*** Opening of Provided data ***

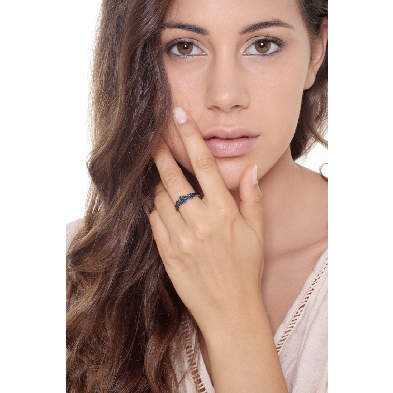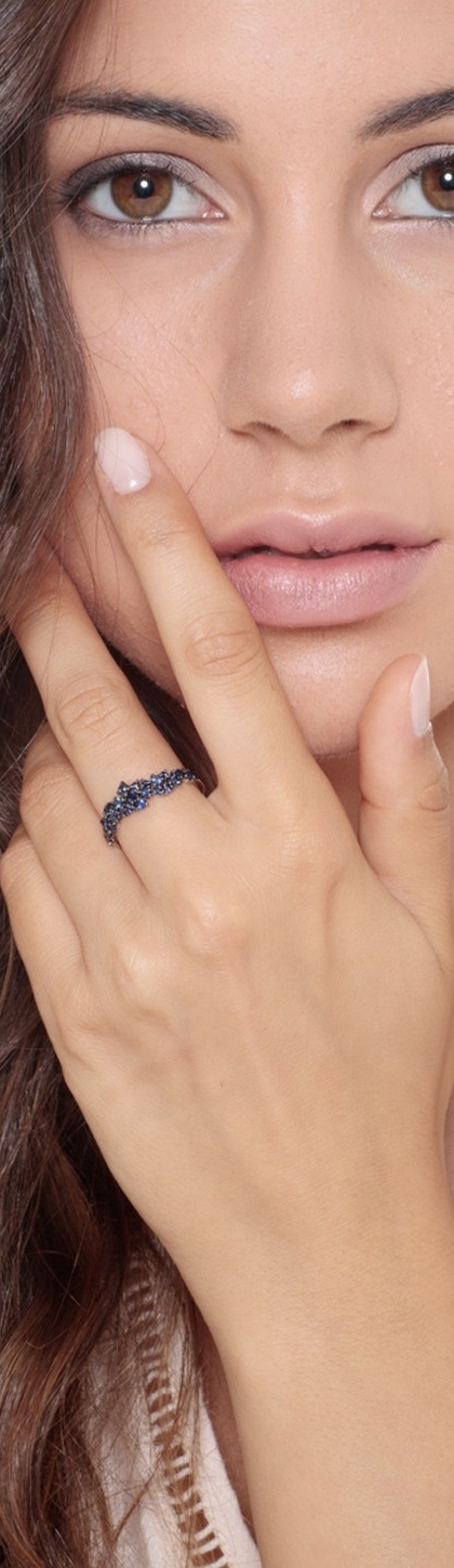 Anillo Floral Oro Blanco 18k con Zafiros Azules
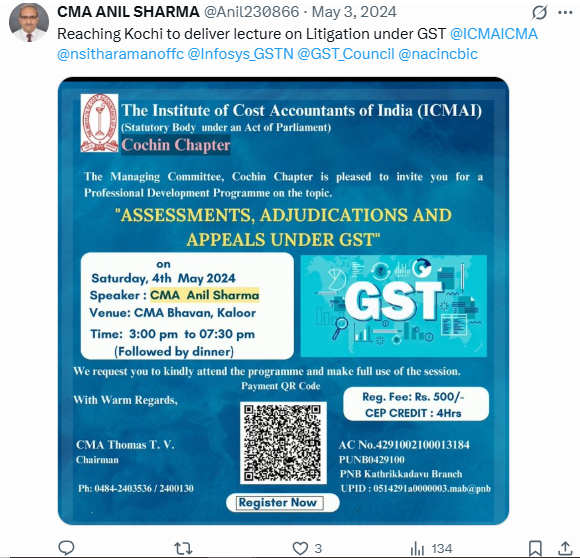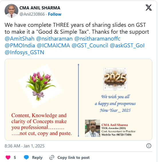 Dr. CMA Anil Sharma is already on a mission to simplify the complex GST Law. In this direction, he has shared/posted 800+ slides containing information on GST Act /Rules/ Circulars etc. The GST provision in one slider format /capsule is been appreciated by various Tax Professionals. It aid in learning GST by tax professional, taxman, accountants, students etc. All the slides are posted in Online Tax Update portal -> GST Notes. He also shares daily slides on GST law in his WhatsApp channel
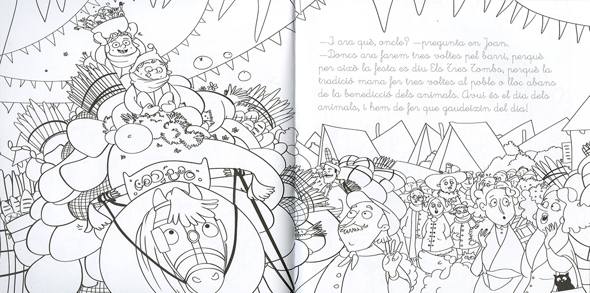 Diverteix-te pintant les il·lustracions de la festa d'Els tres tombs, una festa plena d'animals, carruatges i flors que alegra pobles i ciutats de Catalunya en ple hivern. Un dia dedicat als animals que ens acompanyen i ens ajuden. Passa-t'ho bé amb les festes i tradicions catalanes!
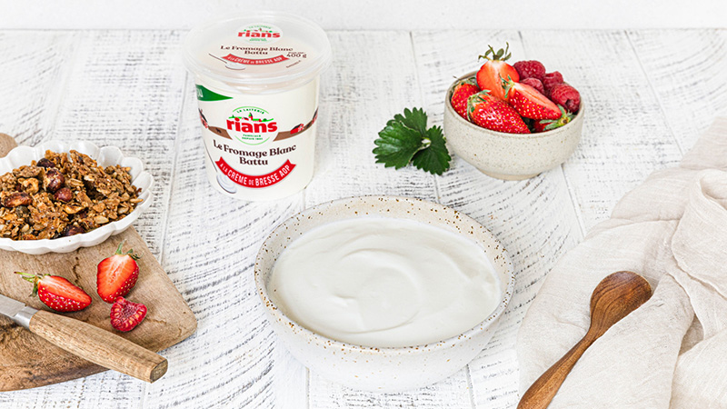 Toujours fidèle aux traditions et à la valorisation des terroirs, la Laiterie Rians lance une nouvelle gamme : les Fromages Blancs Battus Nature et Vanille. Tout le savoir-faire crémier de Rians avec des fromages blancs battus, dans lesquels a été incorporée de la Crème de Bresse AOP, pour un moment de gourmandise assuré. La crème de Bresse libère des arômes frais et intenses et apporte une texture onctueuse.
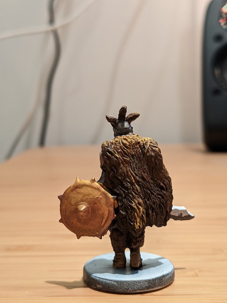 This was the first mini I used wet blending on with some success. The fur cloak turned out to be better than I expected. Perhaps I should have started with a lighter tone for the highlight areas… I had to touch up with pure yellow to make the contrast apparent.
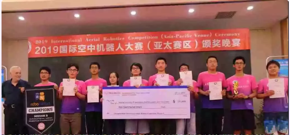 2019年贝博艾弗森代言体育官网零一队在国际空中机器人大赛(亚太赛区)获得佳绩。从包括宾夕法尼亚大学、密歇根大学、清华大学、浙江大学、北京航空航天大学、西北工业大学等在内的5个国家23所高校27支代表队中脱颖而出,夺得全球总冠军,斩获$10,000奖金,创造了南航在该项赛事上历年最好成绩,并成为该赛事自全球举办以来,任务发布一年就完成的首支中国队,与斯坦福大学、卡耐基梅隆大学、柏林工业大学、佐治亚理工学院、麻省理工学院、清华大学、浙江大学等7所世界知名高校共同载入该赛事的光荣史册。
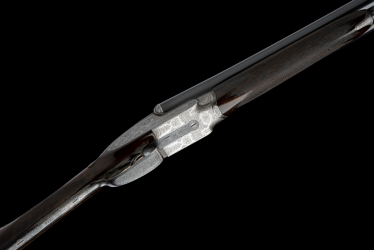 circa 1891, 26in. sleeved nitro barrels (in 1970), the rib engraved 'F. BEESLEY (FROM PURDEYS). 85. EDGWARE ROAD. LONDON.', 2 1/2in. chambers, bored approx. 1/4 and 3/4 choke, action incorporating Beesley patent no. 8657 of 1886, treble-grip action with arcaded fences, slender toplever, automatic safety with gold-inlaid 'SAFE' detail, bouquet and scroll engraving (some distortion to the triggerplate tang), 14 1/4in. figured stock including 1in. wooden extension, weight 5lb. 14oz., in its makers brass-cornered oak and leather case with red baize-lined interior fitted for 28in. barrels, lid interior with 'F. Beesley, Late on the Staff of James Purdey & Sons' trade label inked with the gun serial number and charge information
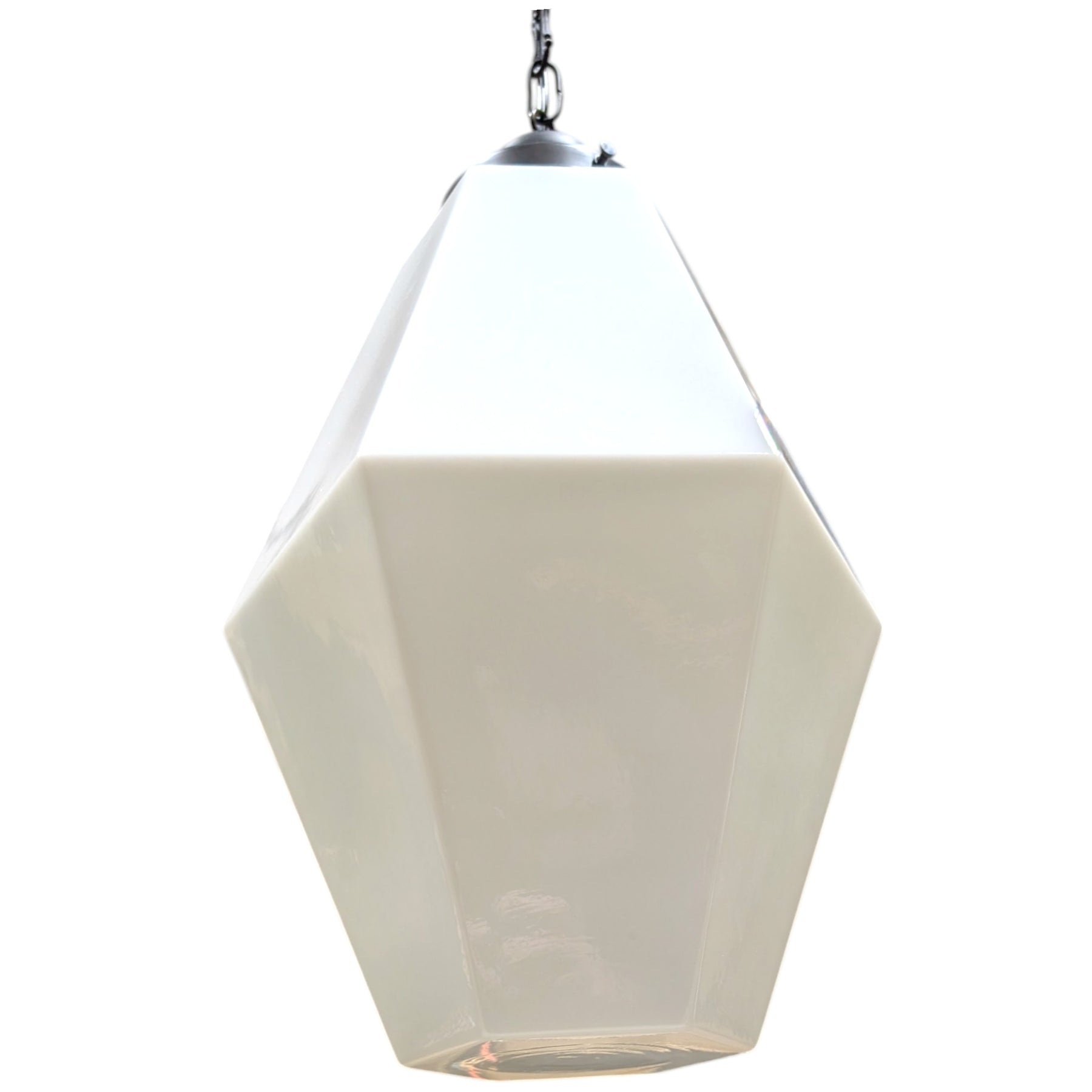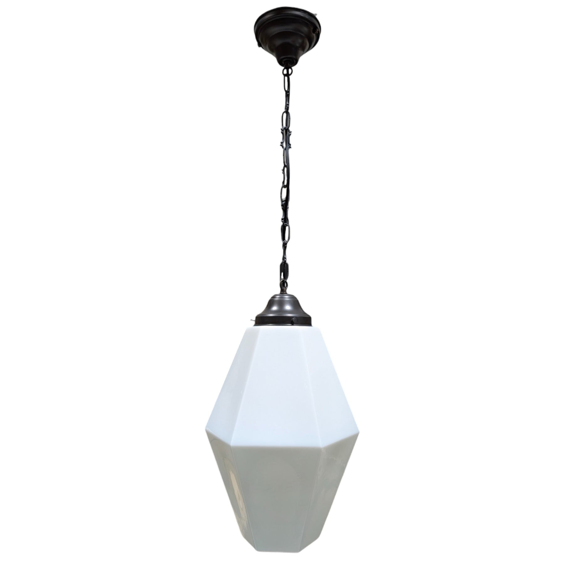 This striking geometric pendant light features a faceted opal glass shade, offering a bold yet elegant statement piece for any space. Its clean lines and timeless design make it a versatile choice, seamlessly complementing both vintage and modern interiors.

*** Close of Provided data ***
*** Opening of Provided data ***

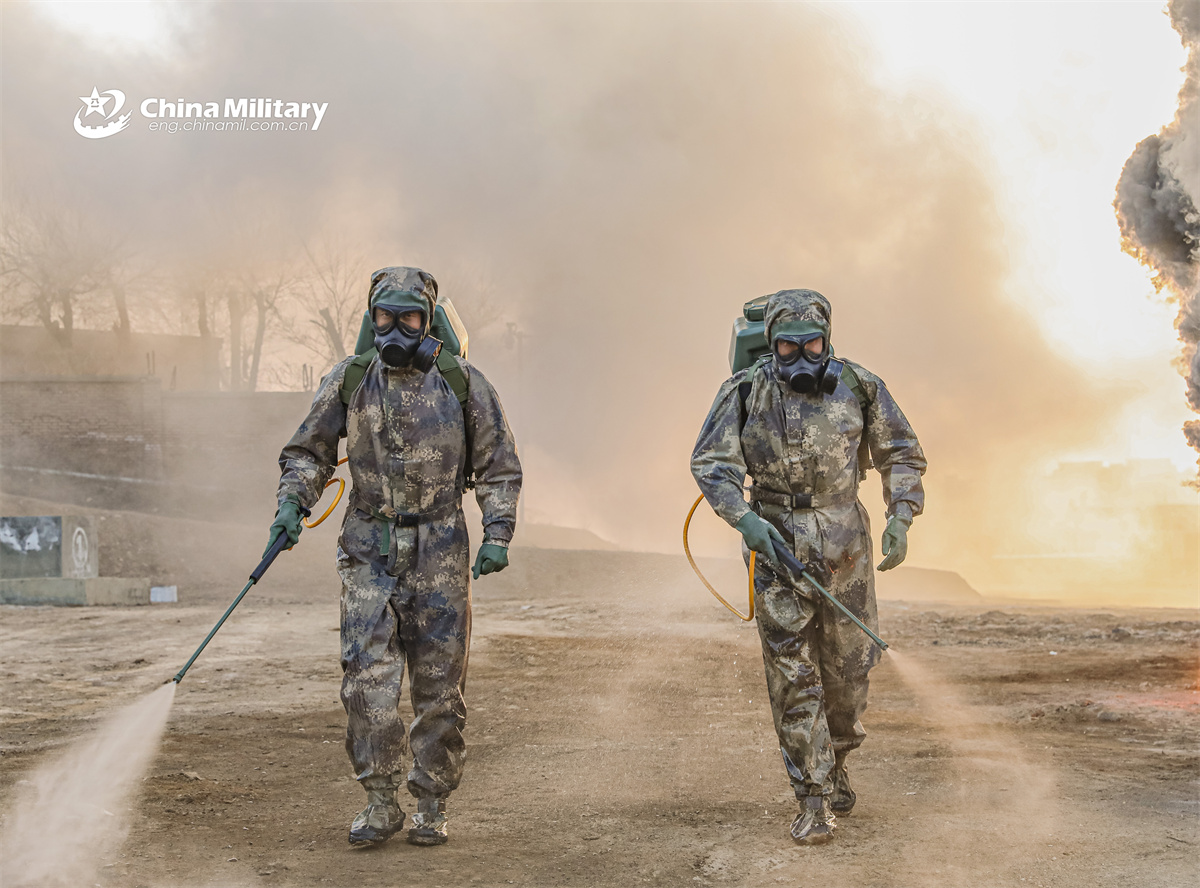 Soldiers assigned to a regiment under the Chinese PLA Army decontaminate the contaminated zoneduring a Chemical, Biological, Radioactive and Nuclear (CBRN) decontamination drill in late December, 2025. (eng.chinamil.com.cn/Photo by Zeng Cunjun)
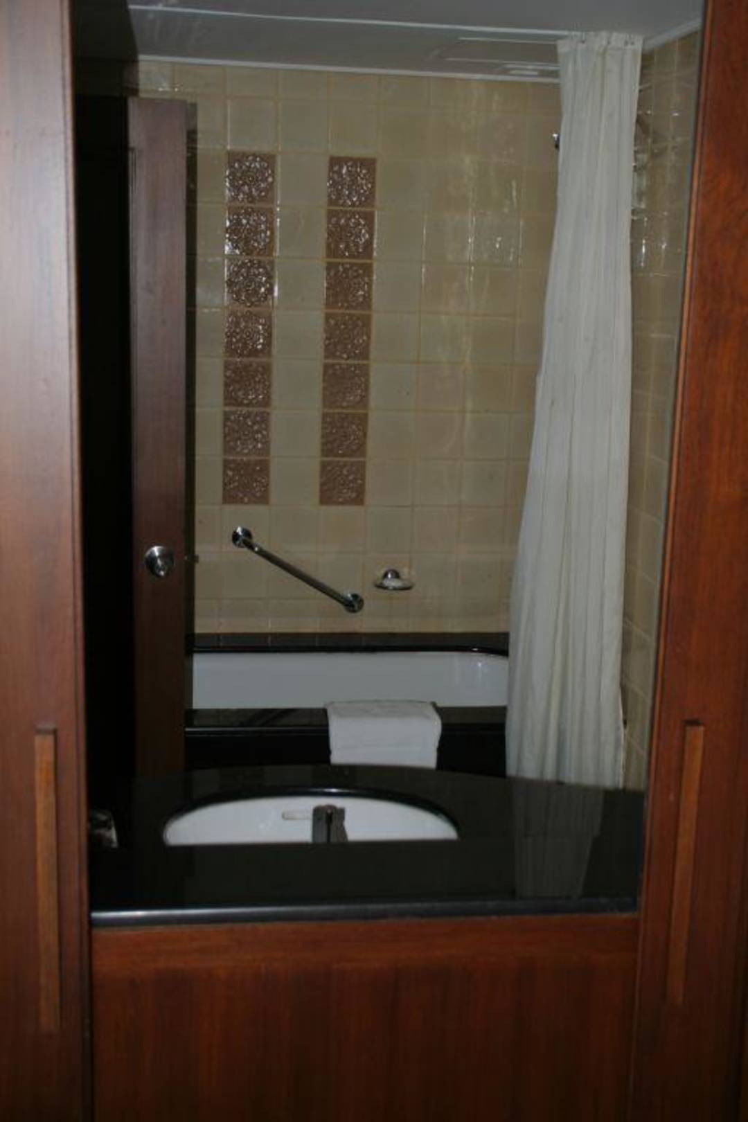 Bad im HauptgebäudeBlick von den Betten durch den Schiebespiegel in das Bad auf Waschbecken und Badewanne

*** Close of Provided data ***

__What you are asked to do__
Copy only the lines above from the one containing "Soldiers assigned to" through the one containing "Bad im HauptgebäudeBlick", both included. Leave out the pictures.

__Solution to the exercise__
 Soldiers assigned to a regiment under the Chinese PLA Army decontaminate the contaminated zoneduring a Chemical, Biological, Radioactive and Nuclear (CBRN) decontamination drill in late December, 2025. (eng.chinamil.com.cn/Photo by Zeng Cunjun)
 Bad im HauptgebäudeBlick von den Betten durch den Schiebespiegel in das Bad auf Waschbecken und Badewanne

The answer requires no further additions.